Estimating camera motion and intrinsics from casual videos is a core challenge in computer vision. Traditional bundle-adjustment based methods, such as SfM and SLAM, struggle to perform reliably on arbitrary data. Although specialized SfM approaches have been developed for handling dynamic scenes, they either require intrinsics or computationally expensive test-time optimization and often fall short in performance. Recently, methods like Dust3r have reformulated the SfM problem in a more data-driven way. While such techniques show promising results, they are still 1) not robust towards dynamic objects and 2) require labeled data for supervised training. As an alternative, we propose AnyCam, a fast transformer model that directly estimates camera poses and intrinsics from a dynamic video sequence in feed-forward fashion. Our intuition is that such a network can learn strong priors over realistic camera poses. To scale up our training, we rely on an uncertainty-based loss formulation and pre-trained depth and flow networks instead of motion or trajectory supervision. This allows us to use diverse, unlabelled video datasets obtained mostly from YouTube. Additionally, we ensure that the predicted trajectory does not accumulate drift over time through a lightweight trajectory refinement step. We test AnyCam on established datasets, where it delivers accurate camera poses and intrinsics both qualitatively and quantitatively. Furthermore, even with trajectory refinement, AnyCam is significantly faster than existing works for SfM in dynamic settings. Finally, by combining camera information, uncertainty, and depth, our model can produce high-quality 4D pointclouds.

Paper Structure

This paper contains 41 sections, 16 equations, 5 figures, 4 tables.

Figures (5)

  • Figure 1: AnyCam. Given a casual video and pretrained monocular depth estimation (MDE) and optical flow networks, AnyCam outputs camera poses, camera intrinsics, and uncertainty maps in a single forward pass. The uncertainty maps represent probable movement in the scene. By using a novel loss formulation, AnyCam can be trained on a large corpus of unlabelled videos mostly obtained from YouTube.

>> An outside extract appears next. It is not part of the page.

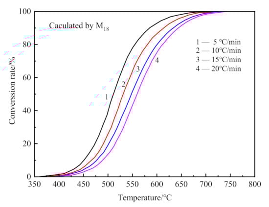 The kinetics of dehydroxylation and decarburization in CSK calcination were analyzed from MS data. The conversion curve for dehydroxylation of CSK is shown in Figure 9, calculated from MS curves in Figure 6 by Equation (6).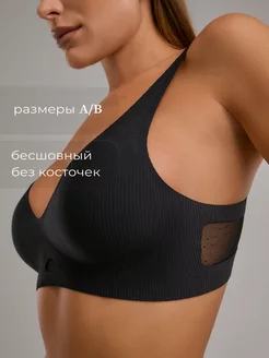 Бюстгальтер тонкий бесшовный без косточек в рубчик

  • Figure 2: Architecture. AnyCam processes a sequence of frames from a casual video with corresponding depth maps and optical flow. A backbone extracts feature maps per image. Information sharing between frames is enabled by multiple attention layers that process the features of all sequence images. The transformer architecture outputs one pose token $\phi^{i \rightarrow j}$ per timestep and an additional sequence token $\phi^\text{seq}$. The pose tokens are processed using multiple intrinsic hypotheses $f\in \{f_1, \ldots , f_m\}$, parametrized by frame prediction heads $(\mathcal{H}^\mathbf{P}_f, \mathcal{H}^\mathbf{\sigma}_f)$. The sequence head $\mathcal{H}^\mathbf{seq}$ predicts the likelihood scores of the different hypotheses. The model is trained end-to-end via a reprojection loss, a pose consistency loss between forward and backward pose predictions, and a KL-divergence loss.

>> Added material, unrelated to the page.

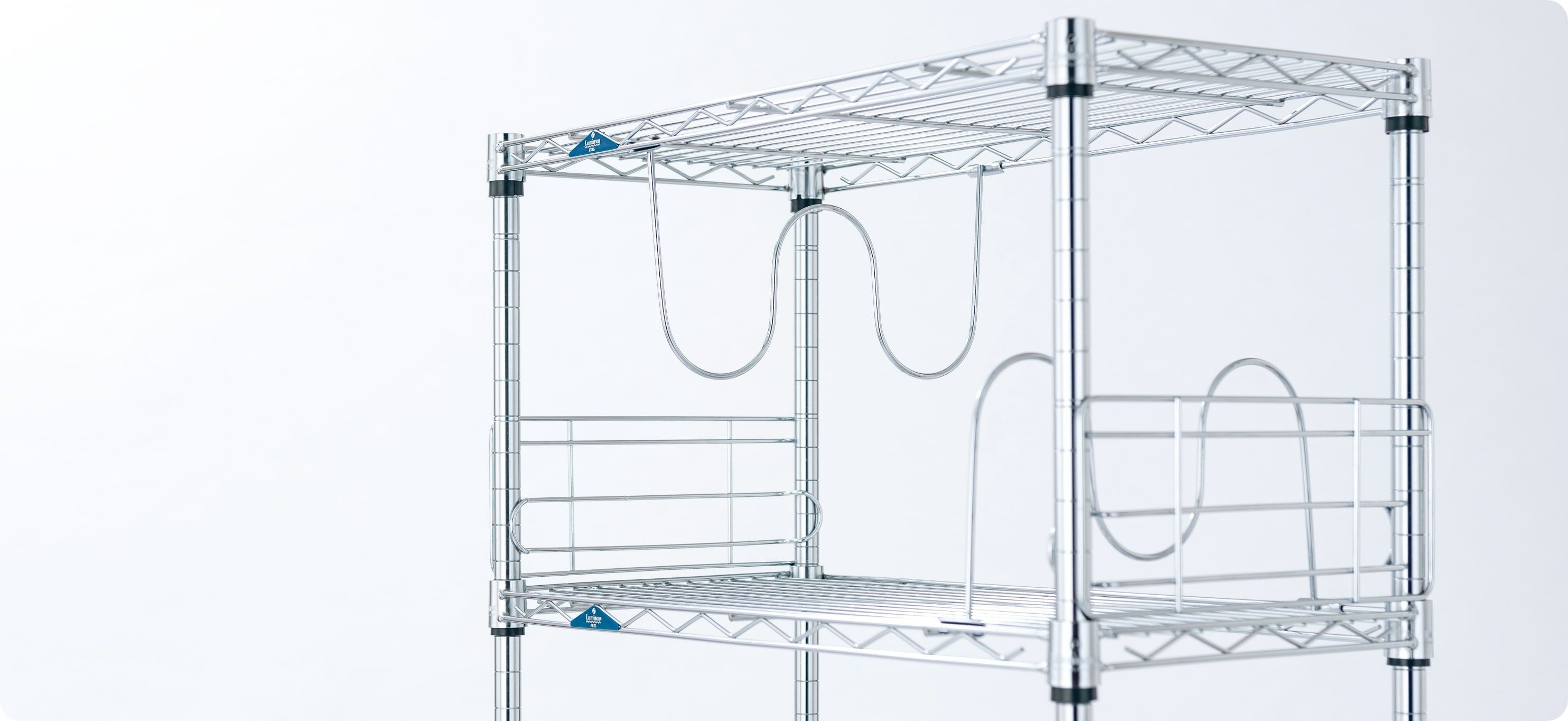 用途に特化した特別なスチールラックキッチンや、本・書類整理でご使用にぴったりのオリジナルパーツが付属。

  • Figure 3: Qualitative results on various datasets.Red: forward-pass prediction, Green: refined trajectory, Yellow: GT (if available). AnyCam is able to predict high-quality pose estimates on challenging scenes in dynamic environments. The uncertainty maps show objects with a high likelihood of movement, such as persons or cars, that would produce inconsistencies in the induced optical flow. Pose refinement with bundle adjustment further aligns the trajectory towards reducing the error compared to the ground truth poses.

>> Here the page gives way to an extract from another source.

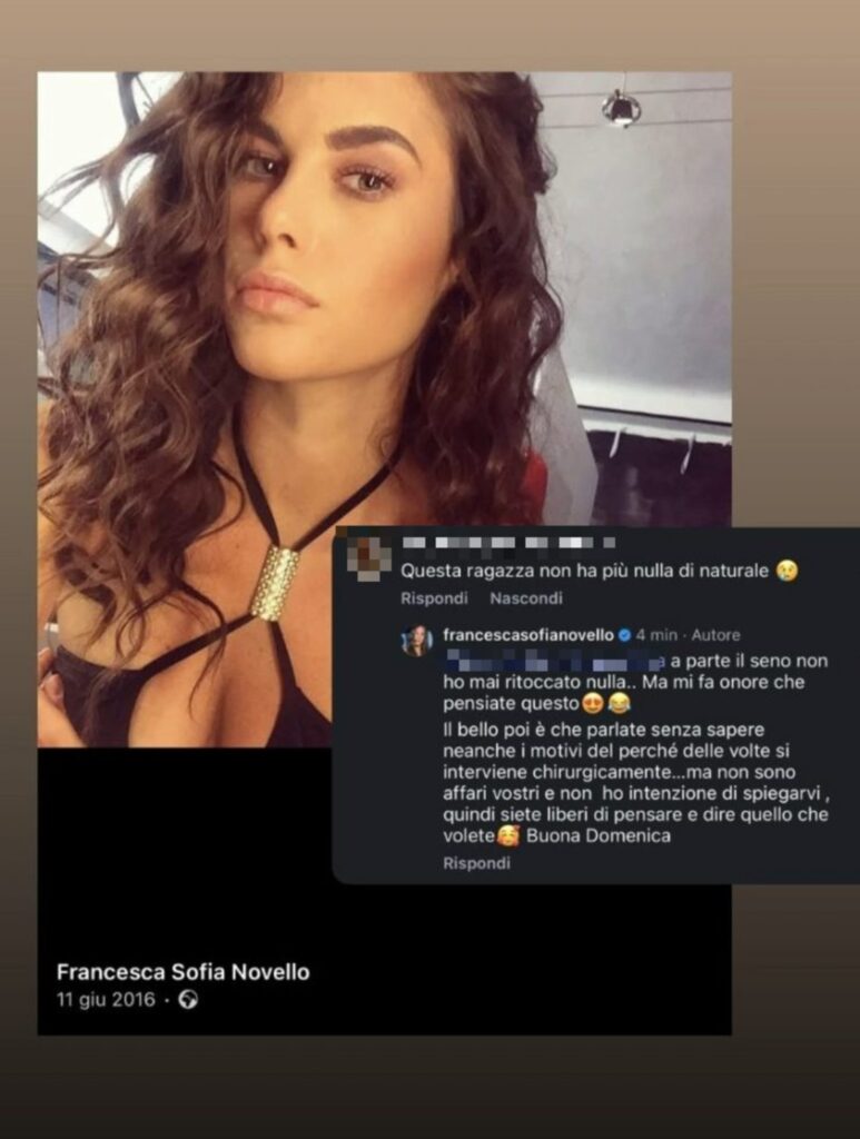 Francesca non lascia correre. Risponde direttamente e chiarisce una volta per tutte la questione. Ammette di aver fatto solo un intervento al seno e di non aver mai ritoccato altro. Poi aggiunge, con ironia, che quasi le fa piacere che qualcuno pensi il contrario.

  • Figure 4: Focal length candidates. Predicted likelihood and computed flow loss for different focal candidate (FL) hypotheses for two sequences of the Davis dataset. Below: Estimated trajectories for selected FL hypotheses increasing from left to right. Red trajectory shows the trajectory for the FL with the highest likelihood. The predicted likelihood tends to be more stable than the loss when estimating the best candidate.
  • Figure 5: Focal Length Candidates. Linear-exponential distribution of focal length candidates relative to the image height.